Our study included 49,409 women, 1500 cases were pathologically proven with breast cancer out of the total. Out of the 1500 breast cancer cases, 250 were depicted in ACR-A class and 650 in ACR-B class, 400 cases in the ACR-C class, and 200 in the ACR-D class.

Cases were ordered in a descending pattern depending on the frequency of carcinoma positive cases:

D (13.7%), C (3.3%), B (2.7%), A (2.2%)

The positive relationship between increasing the risk of breast cancer in women with increasing breast mammographic density has been reported in many cohort studies [10]. Byrne et al. stated that women with breast density of 75% or more showed four-fold increase in the risk affection with breast cancer than those with mammographic density of 0% [11].

As stated in our study, Maskarinec et al. also discovered that the risk for breast cancer affection increases by 3.6 times in women with breast density more than 50% than women with density less than 10% [12].

Some studies reported that the relative cancer risk for breasts that were 50–74% dense was 2.92 and 4.64 for breasts that were 75% or more dense; as a result, there is a linear increasing trend between the relation of the breast cancer relative risk and increasing tissue breast density which was also reported in our study [7].

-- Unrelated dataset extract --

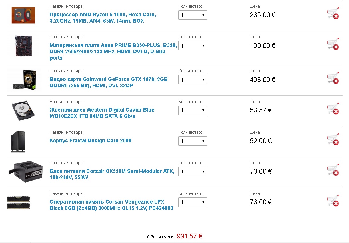 Здравствуйте, нашел где-то здесь вот такую сборку 1 Intel Core i7-6700K 4/8X 4.0-4.2GHz 1 MSI B150M PRO-VDH 1 DeepCool Gammaxx 400 2 8Gb 2133MHz CL15 1.2V Kingston (KVR21N15D8/8) или (KVR21N15S8/8) 1 250GB Samsung 850 EVO 1 1Tb Seagate ST1000DM010 1 Nvidia GTX 1070 8Gb GameRock или Jetstream 1 Zalman ZM600-TX 600W 80+ 1 Zalman R1 ATX Насколько она ещё актуальна или можно что-то поменять Если что монитор хочу взять такой ViewSonic VX2452MH. Живу в Подмосковье, считай Москва.

In our study, we found that women with ACR mammographic density class D and C have statistically increase frequency of positive carcinoma patients than class A and B.


We finally concluded that there is a significant positive relation between increase in the risk of breast cancer in our population with increasing mammographic breast tissue density.

Availability of data and materials

The data sets used and/or analyzed during the current study are available from the corresponding author on reasonable request.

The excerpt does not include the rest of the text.